### Read the Tx data file. 

Points to be noted:

- The transaction dataset contains all data merged from OMS and ECOM dataset across 2020,2021 and 2022

1. For 2021 First touch channel information is not available so appears as NaN, but this is anyways not important for our analysis

2. We will create a column called sequence which will assign a logical sequence to each month+year combination.

3. We will also create a channel called Channel type which will indicate if the channel is Paid/Organic channel type

In [57]:
df_oms_ecom=pd.read_csv('Transaction_Data.csv')
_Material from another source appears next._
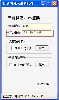 登陸后,會自動顯示當(dāng)前外網(wǎng)的ip地址,如下圖: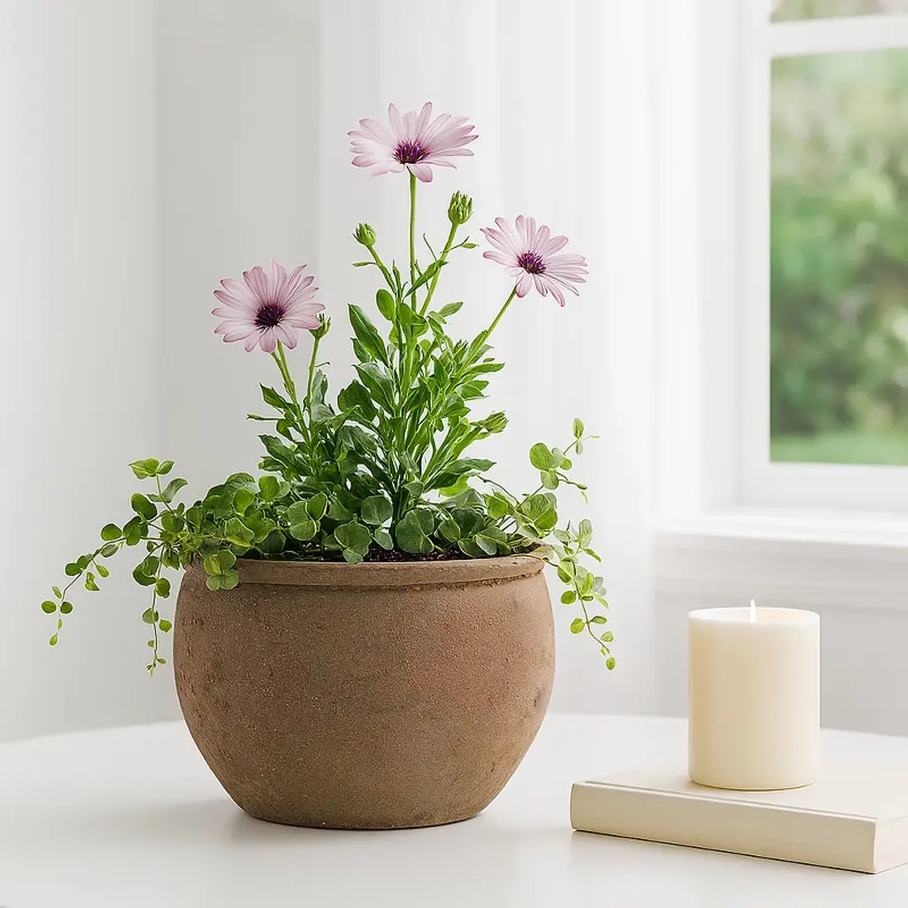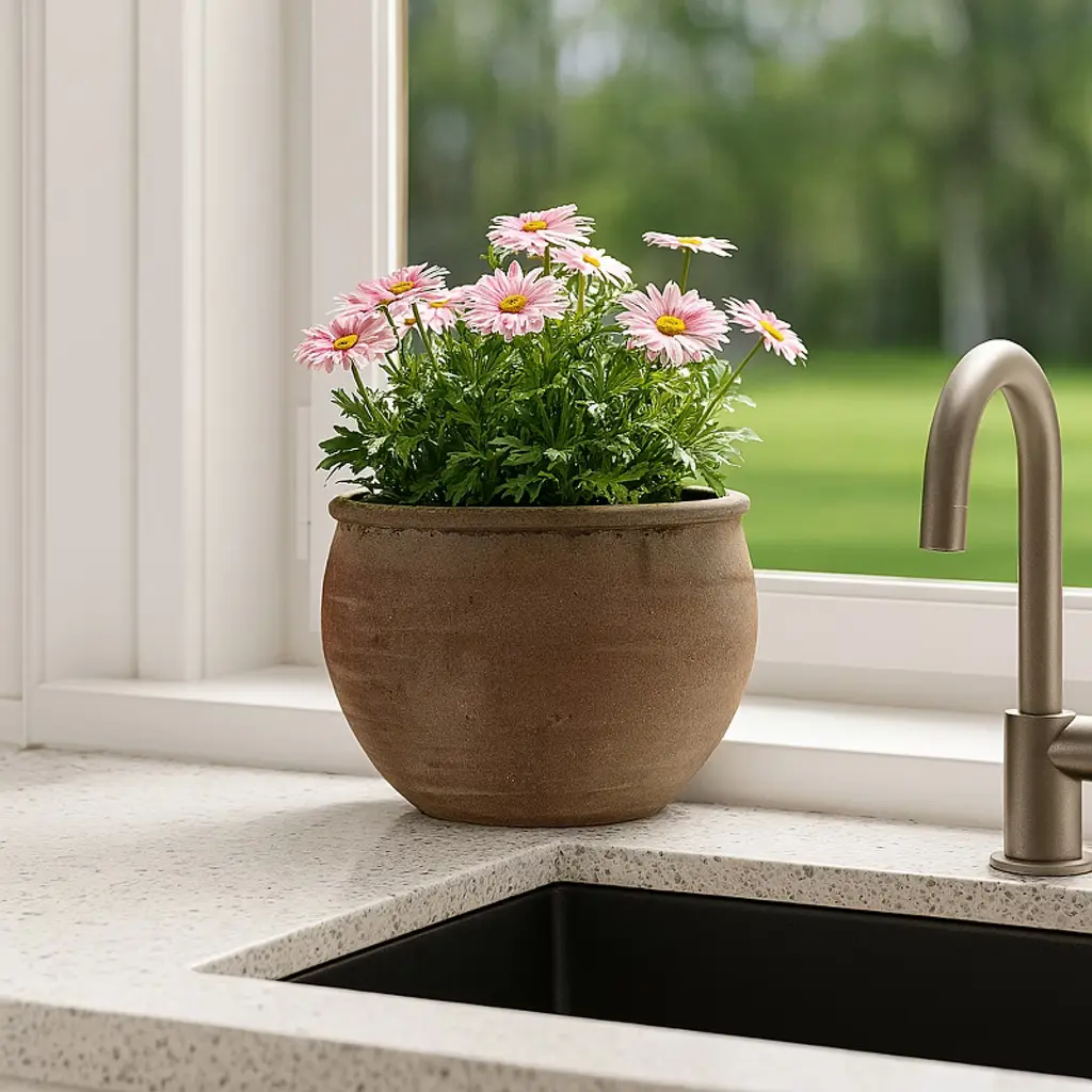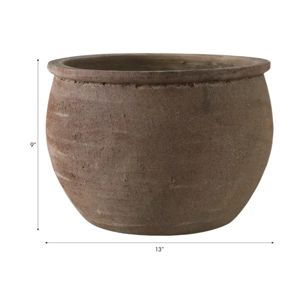 Rooted in timeless appeal, this beautifully rounded planter brings warmth and texture to your home with its earthy finish and artisan-inspired silhouette. Designed to elevate the natural beauty of your plants, it offers generous space and a neutral, tactile surface that highlights everything from delicate orchid pots to compact nursery pots or sculptural terracotta pots. The form is simple yet refined, allowing it to complement both contemporary and traditional interiors while adding organic character to every room. Whether you're filling it with flowering stems, bold greens, or low-maintenance succulent planters, this piece provides the depth and versatility to support a wide variety of arrangements with style and ease. It functions just as beautifully as a standalone statement in house decor as it does layered into patio decor or softening the edges of a minimalist office setup. Its curved profile makes it a natural fit for design-forward spaces that prioritize both beauty and practicality, and its stability ensures your plants stay well-supported through seasons of growth. This planter also serves as a sophisticated base for herb gardens, bonsai trees, or indoor plant pots, offering endless flexibility for those who love to curate and rearrange their space. The finish has a natural, organic look that pairs effortlessly with wood tones, stone textures, or clean modern surfaces, making it easy to style in almost any room. Whether perched on a sunlit windowsill, anchoring a console table, or placed beside your favorite chair, it invites a calm and grounded energy into your home. More than just a container, this is a thoughtful addition to your collection of plant accessories, built to offer lasting style and function in equal measure. Ideal for those who appreciate subtle design and quiet luxury, it makes a beautiful gift or personal upgrade that turns greenery into an intentional part of your decor story.

df_oms_ecom.loc[df_oms_ecom['Year']==2021,'Year']=0 #Year 2021, year value is 0
df_oms_ecom.loc[df_oms_ecom['Year']==2022,'Year']=12 #Year 2022, year value is 12
df_oms_ecom.loc[df_oms_ecom['Year']==2023,'Year']=24 #Year 2023, year value is 24
df_oms_ecom['Seq']=df_oms_ecom['Month']+df_oms_ecom['Year']
df_oms_ecom.head()

#Add a column called Channel type to understand whether the channel type was Paid/Organic channel
Paid=['Paid Search','TCP','Affiliate','Referral','Paid Social','CLM','Display','Privilege','Store']
Organic=['Organic Search','Direct','Internal','Organic Social',]

df_oms_ecom['Channel_Type']=df_oms_ecom['First Touch Channel'].apply(lambda x:'Paid' if x in Paid
                                                                     else 'Organic' if x in Organic
                                                                    else 'Unknown')

#Since 2021 Marketing channel is not important
df_oms_ecom[(df_oms_ecom['Seq']>12) & (df_oms_ecom['Seq']<29)].head()

<IPython.core.display.Javascript object>

  df_oms_ecom=pd.read_csv('Transaction_Data.csv')


Unnamed: 0,OrderNo,OrderDate,Month,Year,CustomerID,Revenue,First Touch Channel,Seq,Channel_Type
280691,TC300031659601,2022-08-15,8,12,0357efbd641164bde4a63e0ce8f8f2da,2562.43,TCP,20,Paid
280692,TC300031637824,2022-08-15,8,12,1188e68053b9c3d0f6fe2468f764f47a,1095.0,TCP,20,Paid
280693,TC300031673490,2022-08-15,8,12,66b712b3992906474367d349e7672902,799.0,TCP,20,Paid
280694,300031636886,2022-08-15,8,12,eb8912792390dd07164983b61e57f9f3,699.0,Paid Search,20,Paid
280695,300031642826,2022-08-15,8,12,88f89b619ef1e08ce0936e1617c29def,683.14,Referral,20,Paid


### Part 1 Find out  Newly acquired customers in Performace Window(January-May 2022)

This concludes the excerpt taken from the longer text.